Тут поднимается важная тема. Оказывается, даже ошибочное мировоззрение (в случае с Ньютоном я имею в виду главным образом его веру в алхимию) может способствовать великим открытиям! Проблему с тяготением видели уже современники Ньютона, обвинившие его в том, что он вводит в науку оккультную силу. И в самом деле, сила всемирного тяготения, по Ньютону, действует мгновенно на расстоянии. Для физики это жутко неудобно, а для алхимии вполне естественно. Ньютон не постеснялся ввести такую силу в физику, хотя о своих алхимических занятиях он никому, кроме узкого круга адептов (среди которых был, например, Роберт Бойль), не говорил.
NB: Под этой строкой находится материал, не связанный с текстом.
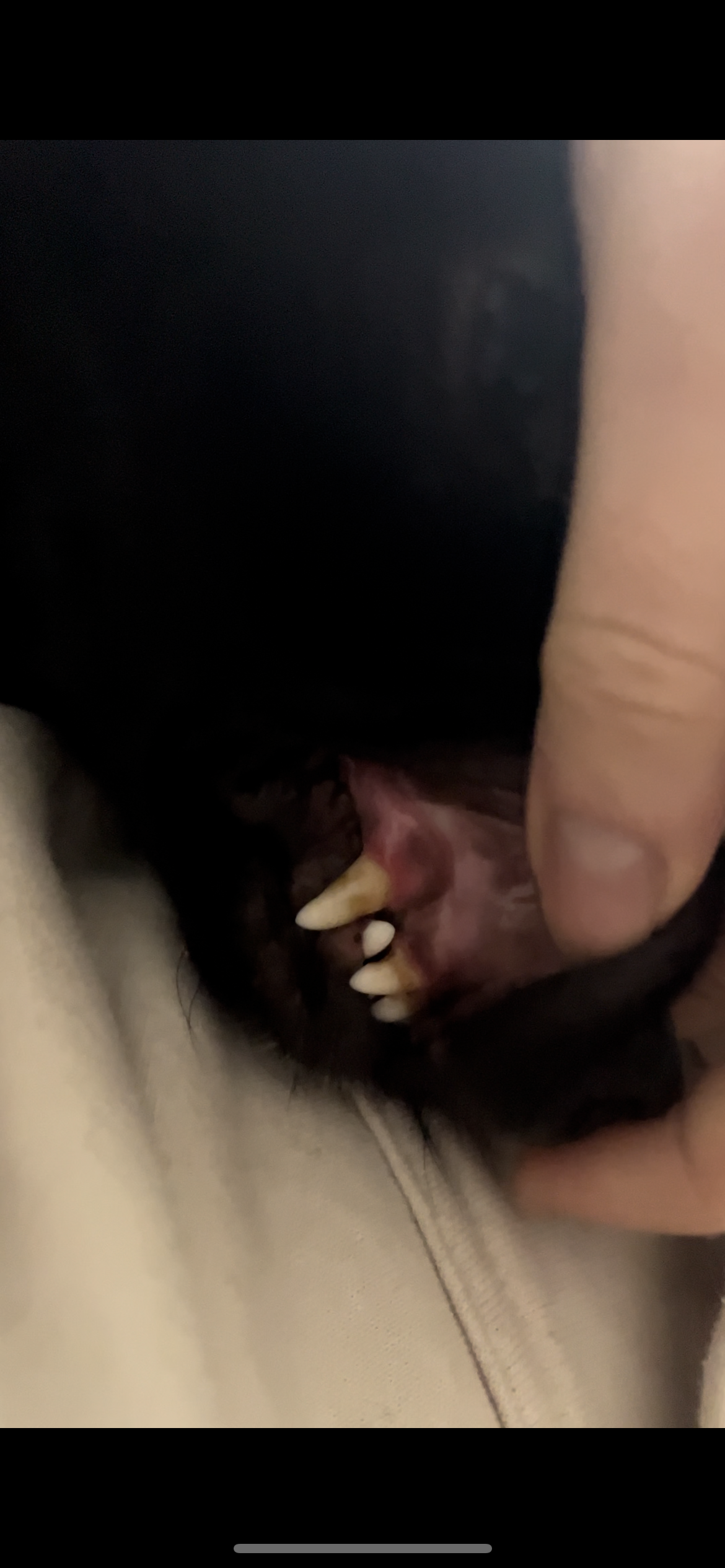 Dobrý den, mám 3 měsíce fenku z útulku - odebrána z přemnožené smečky v osadě na Slovensku (nyní jí jsou 8 měsíců) - zoubky měla již se zubím plakem/kamenem - veterinářka doporučila čistit, aby se to nehoršilo a nemusela na operaci. Jelikož teď žere pouze kvalitní granule, mám pocit, že se zuby nehorší, ale všimla jsem si, že má u špičáků lehké začervenání. Přikládám fotografii, mohl byste se prosím podívat, zda se jedná o akutní případ? Čištění zubů je náročné, vůbec se nenechá a je vidět, že z toho má velký stres. Pamlsky ani voňavá pasta nepomáhají. Doporučil byste mi prosím nějaký "fígl", zda existuje? :) Děkuji velice!

Скрытный был человек. И вот физика просуществовала с этой проблемой более двухсот лет, пока ее не разрешил Эйнштейн в рамках общей теории относительности.
Законы мирозданья смутно
Во мраке крылись много лет,
Но рек Господь: Да будет Ньютон! —
И воссиял над миром свет.
Математический институт Исаака Ньютона в Кембридже расположен на полпути от колледжа Троицы до Кавендишской лаборатории. Это очень красивое современное здание с необыкновенно удачным архитектурным решением. Вместо привычных длинных коридоров с рядами офисов по бокам там внутри идет как бы спираль. Здание похоже на яйцо, где офисному пространству отведена скорлупа, а внутренность оставлена для тех, кто хочет общаться, обсуждать науку, гонять чаи и т. д.
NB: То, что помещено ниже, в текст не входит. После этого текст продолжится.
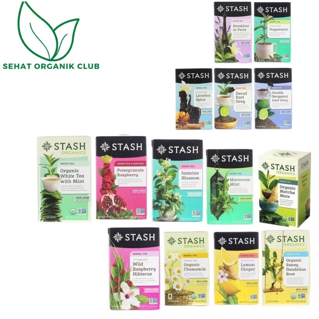 Stash Chamomile Tea; Moroccan Mint ; Matcha Mate ; Lemon Ginger ; Sunny Dandelion Root ; Jasmine Blossom ; Wild Raspberry Hibiscus ; Licorice Spice ; Decaf Earl Grey ; Double Bergamot Earl Grey ; Peppermint ; Breakfast in Paris ; White Tea ; Pomegranate
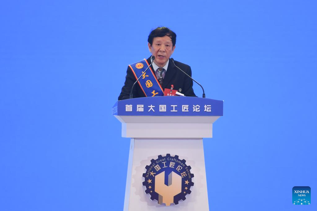 Ai Aiguo, a representative of the national great craftsman, delivers a speech during the opening ceremony of the National Great Craftsman Forum in Changsha, central China's Hunan Province, Sept. 2, 2022. The first edition of the forum kicked off here on Friday, providing a platform for craftsmen to share experiences and learn from each other. (Xinhua/Xue Yuge)
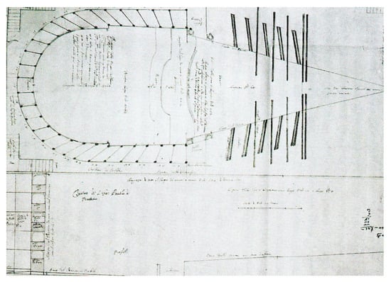 The word Opera in Latin is the plural of opus, which means “act, performance”. Thus, opera means the simultaneous act of a performer—including their voice and gestures—and music. Florence and its 16th-Century cultural influences are commonly accepted as the birthplace of Opera. This kind of performance acquired a semi-public dimension, such as the Teatro Mediceo in Florence (1586). After Florence, some North-Italian courts hosted opera composers and independent architectures were opened to the ruler and the court [1]. In the Venetian area, the Teatro Olimpico, Vicenza (1585) [2] were designed by A. Palladio (1508–1580); in the courts of Milan, the Teatro all’antica, Sabbioneta (1590) by V. Scamozzi (1548–1616) [3]; in Parma, the Teatro Farnese (1618, damaged during WWII and rebuilt) [4,5] by G. B. Aleotti (1546–1636); by the same architect, in Ferrara, the Teatro degli Intrepidi (1604, burned in 1679) [6]. In these early spaces designed for melodrama, one of the most significant aspects is the structural and typological background, deriving from the form of the Roman architecture, including the Roman theatre [7]. This latter was called ’Ancient theatre’ until the 18th Century [8,9], in contrast with the ‘new theatre’ for opera.
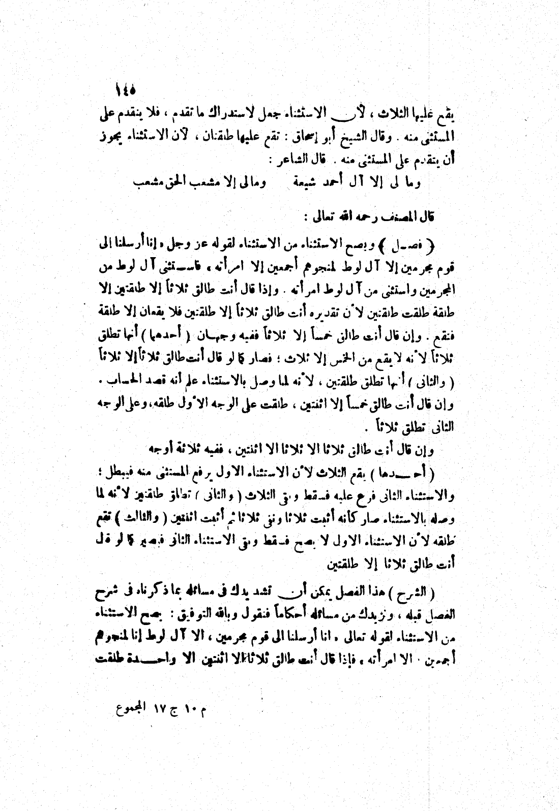 ويصح الاستثناء من الاستثناء لقوله عز وجل " إنا أرسلنا إلى قوم مجرمين إلا آل لوط لمنجوهم أجمعين إلا امرأته " فاستثنى آل لوط من المجرمين واستثنى من آل لوط امرأته.
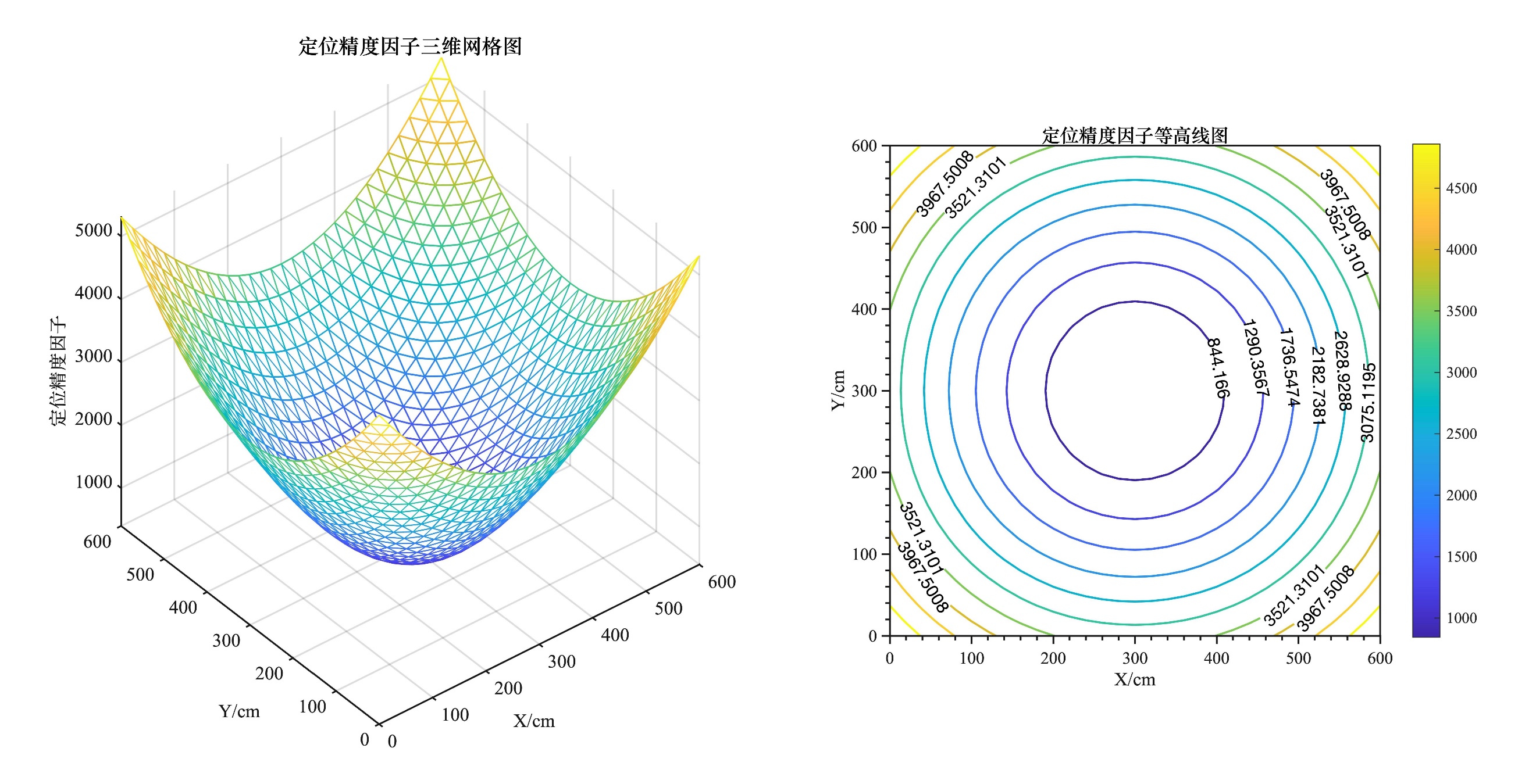 在精度評價模型求解出的四頂角定位系統的數據中,取高度為60cm的平截面繪制精度評價因子E的三維網格圖與等高線圖,如圖2所示。該領域的大量實驗數據表明,在基站矩形布局的情況下,定位誤差從中心向外逐漸增大,與本文模型的模擬情況相契合。

Мой друг математик Федя Смирнов, участвовавший в одной из программ, организованных институтом Ньютона где-то в начале 1990-х, рассказывал о том, как их посетил муж королевы, принц Филип (герцог Эдинбургский). Сотрудников и визитеров выстроили в шеренгу, принц сделал им смотр и обратился с вопросами. «Вы откуда (так и хочется добавить „молодцы“, но в английском такого слова нет. — А Д.)?» — «Из России». — «Россия? Знаю. Был в Киеве на конном заводе». Через некоторое время после окончания визита в институт пришло письмо, в котором принц выражал свои впечатления от визита в Кембридж. Он посетил там два места: институт Исаака Ньютона и конный завод. От института у него остались хорошие впечатления, а от конного завода плохие, и он советовал конному заводу брать пример с института.
Глава 13
Странствия
Одной из привлекательных черт Оксфорда является продолжительность студенческих каникул. Из каждого года учебы студенты проводят в стенах университета лишь половину времени. Это дало мне значительную свободу для путешествий. Свобода эта сохранилась за мной и после переезда в Америку, где учить мне не приходится вообще. Признаюсь, я люблю путешествовать и путешествую очень много, хотя есть страны, куда меня тянет больше. На первом месте стоят Италия и Франция, именно в таком порядке.
О любви
Надо объездить весь мир, чтобы понять, что ездить нужно только в Италию.